AVAILABLE RECORDS:
Segment Open

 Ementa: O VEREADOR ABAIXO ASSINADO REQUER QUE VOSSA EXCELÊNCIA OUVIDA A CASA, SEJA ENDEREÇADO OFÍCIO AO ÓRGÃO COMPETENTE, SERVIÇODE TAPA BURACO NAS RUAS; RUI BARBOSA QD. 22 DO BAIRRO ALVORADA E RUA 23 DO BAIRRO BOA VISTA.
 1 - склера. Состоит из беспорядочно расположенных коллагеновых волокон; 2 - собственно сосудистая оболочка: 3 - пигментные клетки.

Segment Closed
Segment Open

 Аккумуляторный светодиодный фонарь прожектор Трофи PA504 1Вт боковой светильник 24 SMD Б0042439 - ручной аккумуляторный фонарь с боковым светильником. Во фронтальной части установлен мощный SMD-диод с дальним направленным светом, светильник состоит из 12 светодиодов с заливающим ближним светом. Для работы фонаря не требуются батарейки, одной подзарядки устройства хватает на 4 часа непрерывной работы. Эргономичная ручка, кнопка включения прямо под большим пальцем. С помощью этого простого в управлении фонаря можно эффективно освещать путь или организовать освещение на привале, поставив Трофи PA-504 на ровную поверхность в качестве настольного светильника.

Segment Closed

TASK PROMPT:
The range runs from the line with "Ementa: O VEREADOR" up to and including the line with "1 - склера." in the listing above; please write out exactly those lines and nothing more.

ANSWER BOX:
 Ementa: O VEREADOR ABAIXO ASSINADO REQUER QUE VOSSA EXCELÊNCIA OUVIDA A CASA, SEJA ENDEREÇADO OFÍCIO AO ÓRGÃO COMPETENTE, SERVIÇODE TAPA BURACO NAS RUAS; RUI BARBOSA QD. 22 DO BAIRRO ALVORADA E RUA 23 DO BAIRRO BOA VISTA.
 1 - склера. Состоит из беспорядочно расположенных коллагеновых волокон; 2 - собственно сосудистая оболочка: 3 - пигментные клетки.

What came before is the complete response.